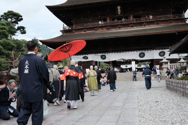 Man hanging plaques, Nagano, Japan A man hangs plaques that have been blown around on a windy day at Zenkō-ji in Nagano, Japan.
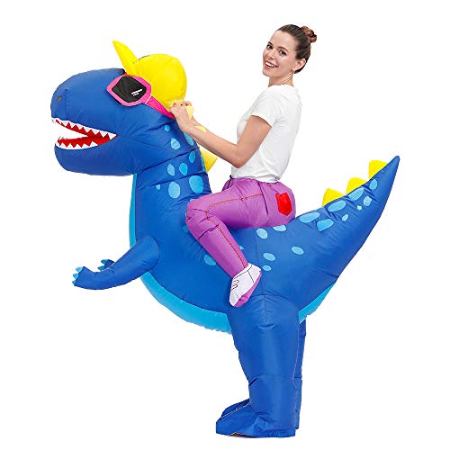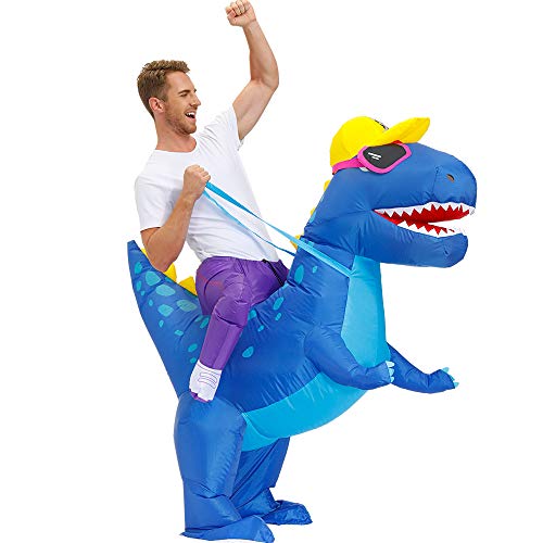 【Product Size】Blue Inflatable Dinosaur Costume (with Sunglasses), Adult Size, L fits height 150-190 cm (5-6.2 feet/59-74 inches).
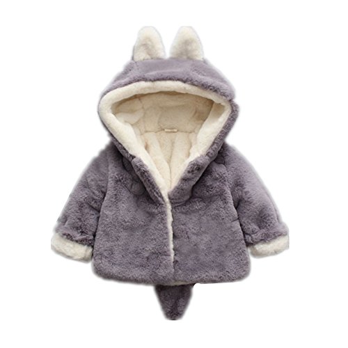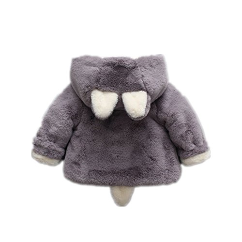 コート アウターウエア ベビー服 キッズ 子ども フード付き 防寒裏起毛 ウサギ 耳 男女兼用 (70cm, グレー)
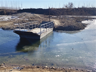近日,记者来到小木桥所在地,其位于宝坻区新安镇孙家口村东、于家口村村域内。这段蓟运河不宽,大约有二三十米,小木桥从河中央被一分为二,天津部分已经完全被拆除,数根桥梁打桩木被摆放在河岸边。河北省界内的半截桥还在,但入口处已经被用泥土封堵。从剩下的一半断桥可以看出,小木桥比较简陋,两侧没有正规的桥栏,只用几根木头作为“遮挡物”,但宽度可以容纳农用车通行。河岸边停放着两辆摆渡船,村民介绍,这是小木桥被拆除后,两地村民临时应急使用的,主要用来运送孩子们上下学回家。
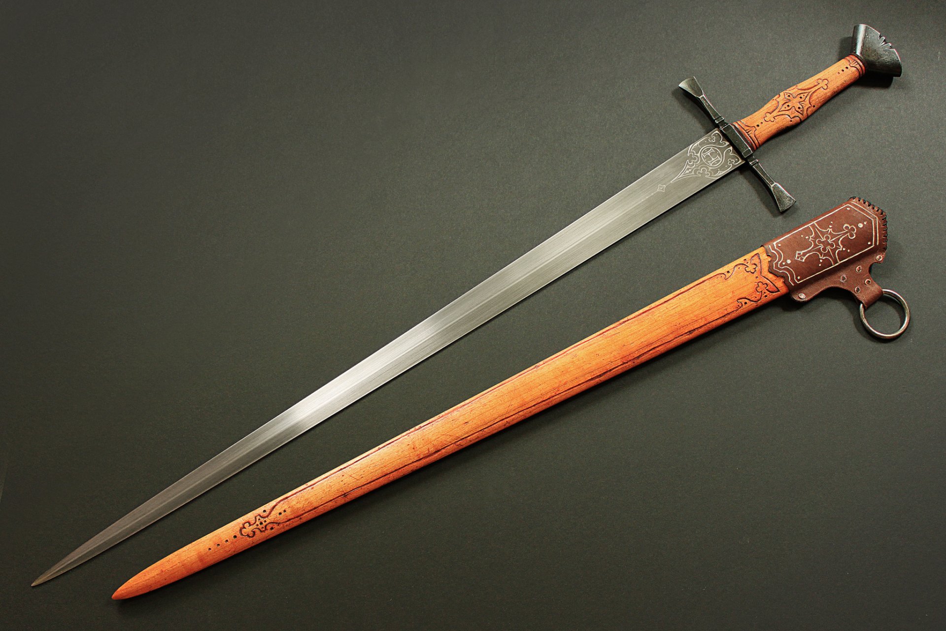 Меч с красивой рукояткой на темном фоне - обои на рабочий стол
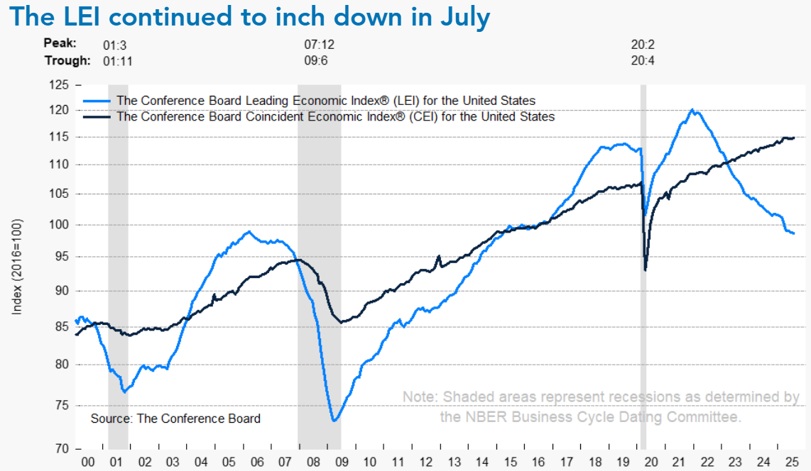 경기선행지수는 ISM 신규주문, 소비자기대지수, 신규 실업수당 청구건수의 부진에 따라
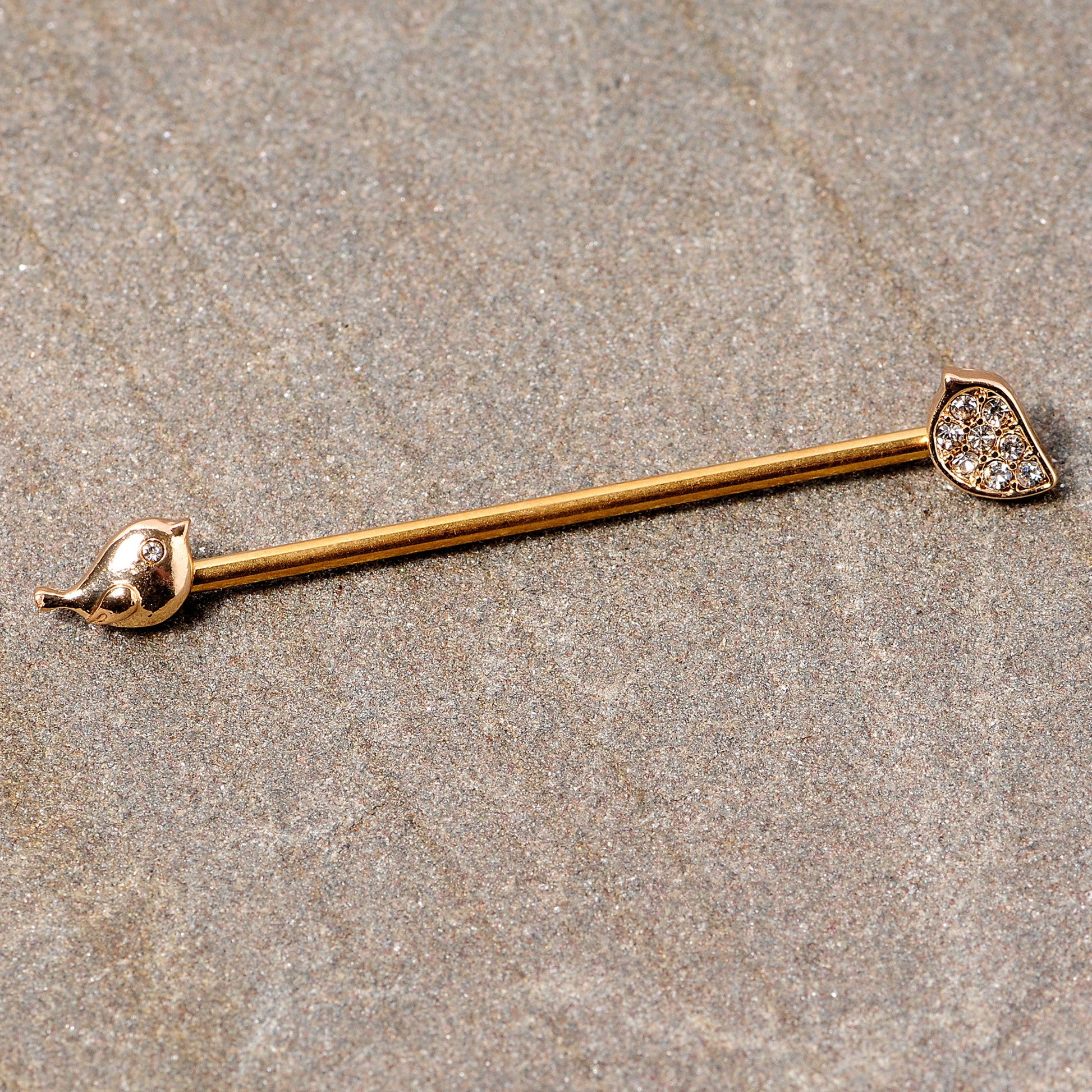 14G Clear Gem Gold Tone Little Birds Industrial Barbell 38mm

■ ■ ■

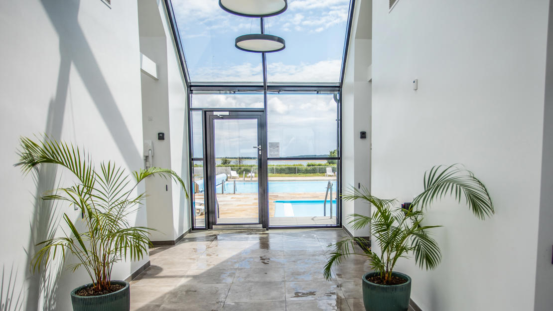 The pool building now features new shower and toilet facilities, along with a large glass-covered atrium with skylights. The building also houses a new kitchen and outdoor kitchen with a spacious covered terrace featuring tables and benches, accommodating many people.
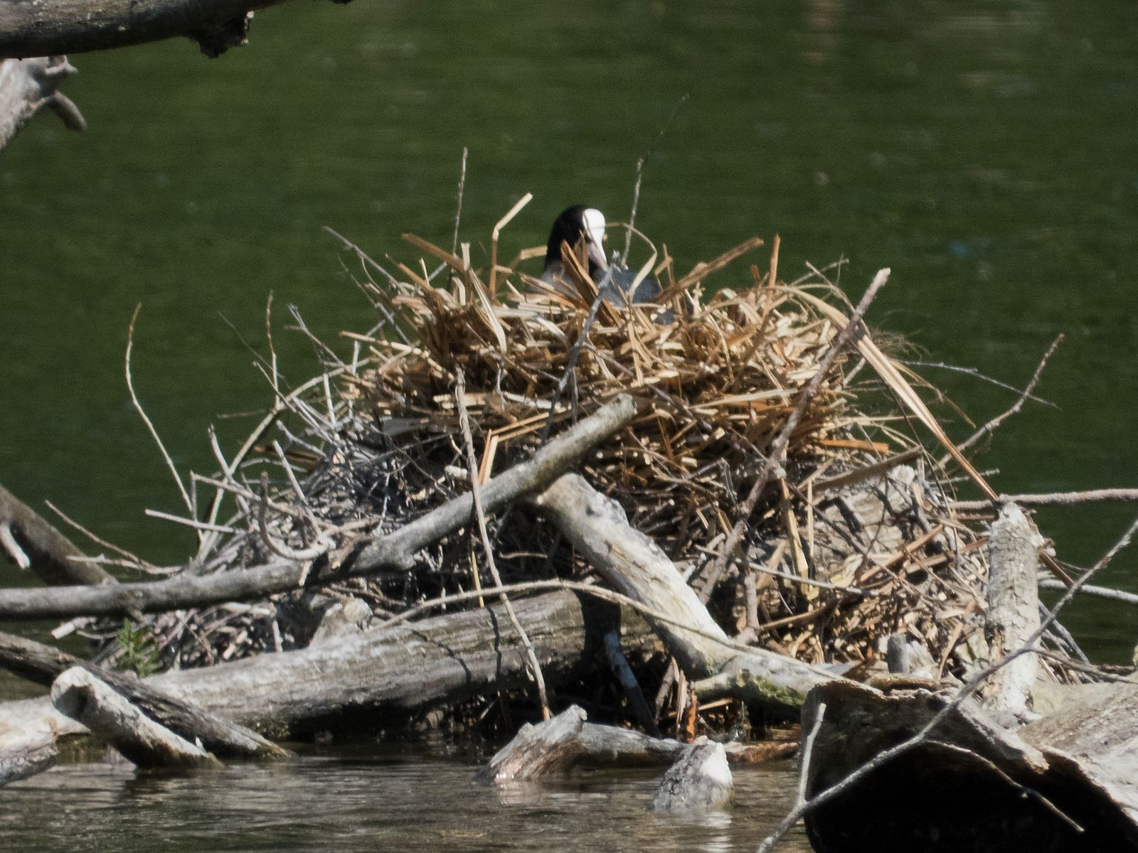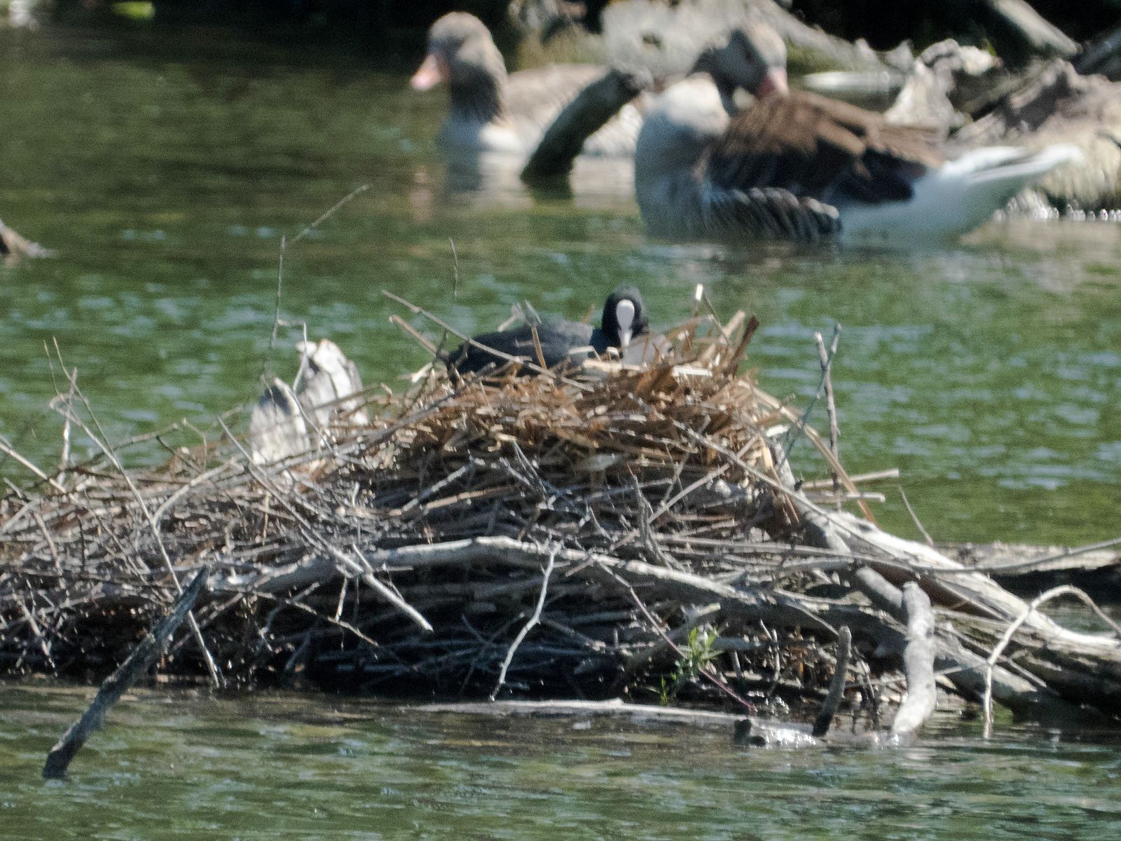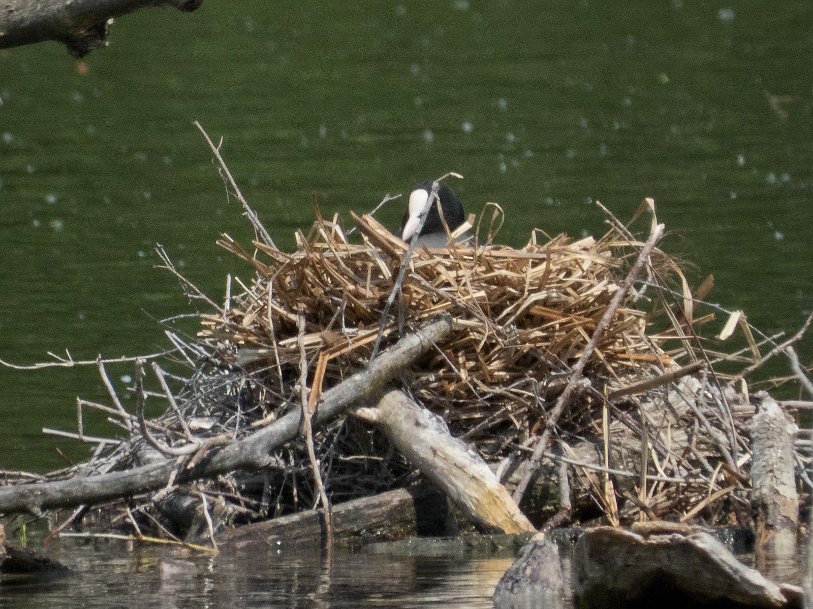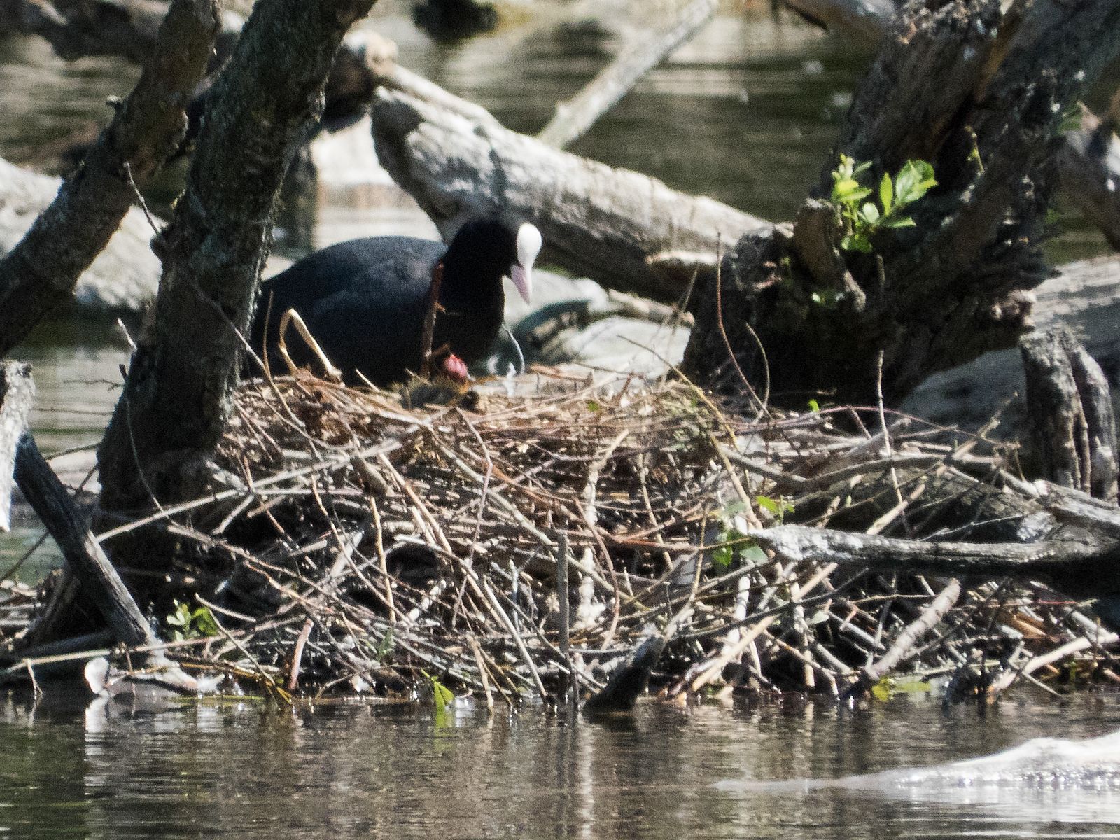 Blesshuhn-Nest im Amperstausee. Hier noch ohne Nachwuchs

■ ■ ■

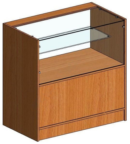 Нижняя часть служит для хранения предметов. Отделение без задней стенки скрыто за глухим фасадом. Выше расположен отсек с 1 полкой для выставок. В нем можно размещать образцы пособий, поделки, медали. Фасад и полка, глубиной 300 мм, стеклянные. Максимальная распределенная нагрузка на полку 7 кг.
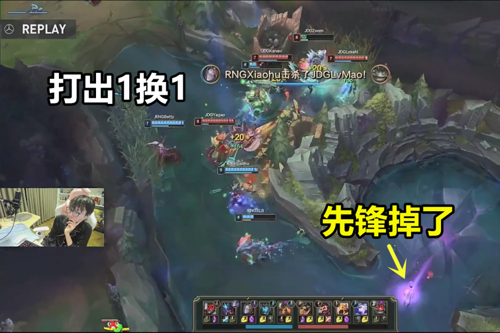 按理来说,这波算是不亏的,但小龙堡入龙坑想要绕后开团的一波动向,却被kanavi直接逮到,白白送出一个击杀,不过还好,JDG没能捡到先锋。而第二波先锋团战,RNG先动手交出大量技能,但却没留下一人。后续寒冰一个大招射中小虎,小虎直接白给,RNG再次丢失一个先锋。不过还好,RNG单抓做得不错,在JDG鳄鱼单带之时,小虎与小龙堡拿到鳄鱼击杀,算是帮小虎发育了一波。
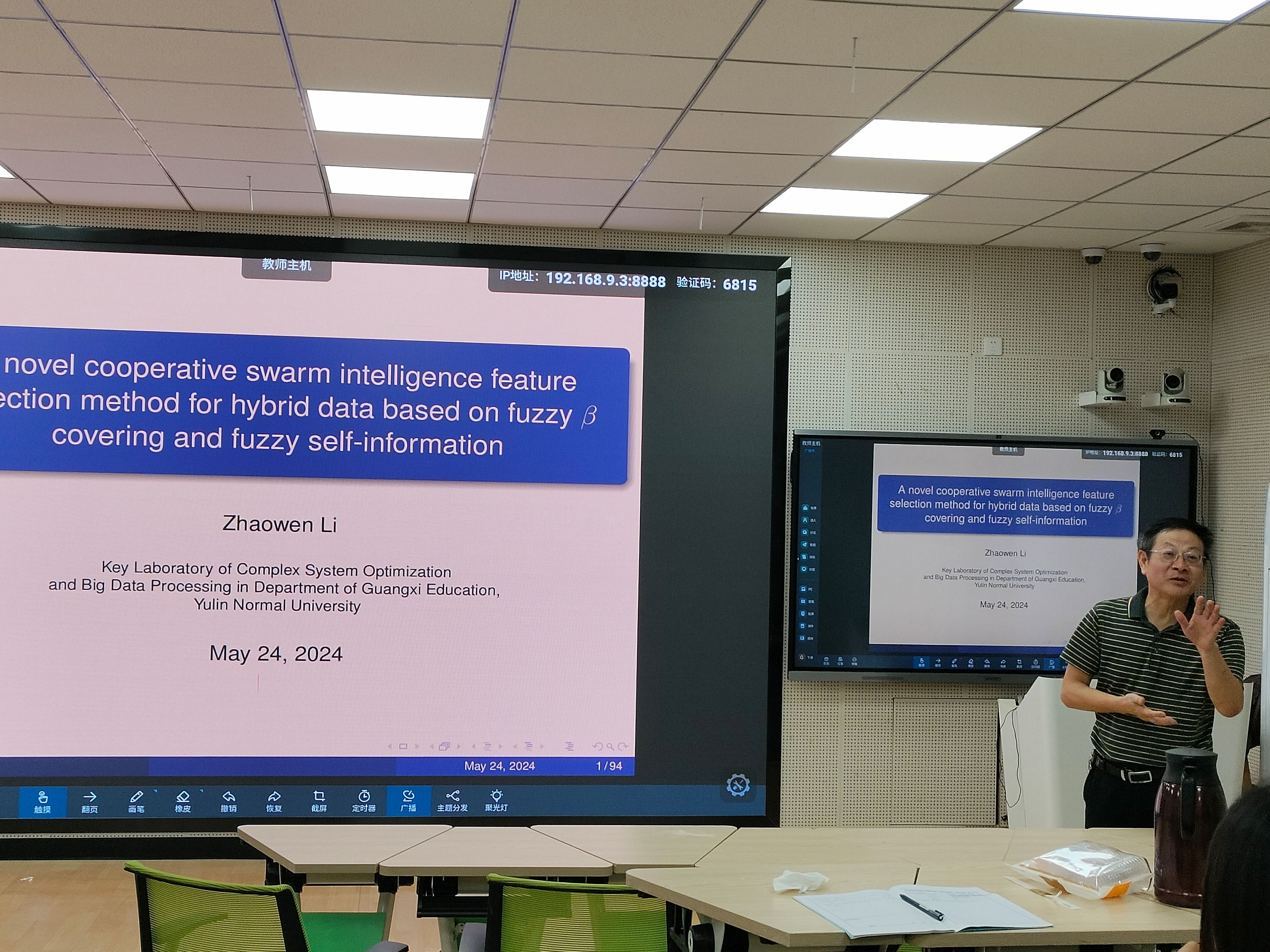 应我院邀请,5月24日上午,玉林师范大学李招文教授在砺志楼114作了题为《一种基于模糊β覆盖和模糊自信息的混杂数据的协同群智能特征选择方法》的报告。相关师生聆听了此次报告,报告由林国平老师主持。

■ ■ ■

### TASK REQUIREMENTS:
Starting at the line above that holds "Man hanging plaques, Nagano, Japan", repeat every line exactly down to and including the line that holds "14G Clear Gem", then stop. Do not carry over any pictures.

### YOUR RESPONSE:
 Man hanging plaques, Nagano, Japan A man hangs plaques that have been blown around on a windy day at Zenkō-ji in Nagano, Japan.
 【Product Size】Blue Inflatable Dinosaur Costume (with Sunglasses), Adult Size, L fits height 150-190 cm (5-6.2 feet/59-74 inches).
 コート アウターウエア ベビー服 キッズ 子ども フード付き 防寒裏起毛 ウサギ 耳 男女兼用 (70cm, グレー)
近日,记者来到小木桥所在地,其位于宝坻区新安镇孙家口村东、于家口村村域内。这段蓟运河不宽,大约有二三十米,小木桥从河中央被一分为二,天津部分已经完全被拆除,数根桥梁打桩木被摆放在河岸边。河北省界内的半截桥还在,但入口处已经被用泥土封堵。从剩下的一半断桥可以看出,小木桥比较简陋,两侧没有正规的桥栏,只用几根木头作为“遮挡物”,但宽度可以容纳农用车通行。河岸边停放着两辆摆渡船,村民介绍,这是小木桥被拆除后,两地村民临时应急使用的,主要用来运送孩子们上下学回家。
 Меч с красивой рукояткой на темном фоне - обои на рабочий стол
 경기선행지수는 ISM 신규주문, 소비자기대지수, 신규 실업수당 청구건수의 부진에 따라
 14G Clear Gem Gold Tone Little Birds Industrial Barbell 38mm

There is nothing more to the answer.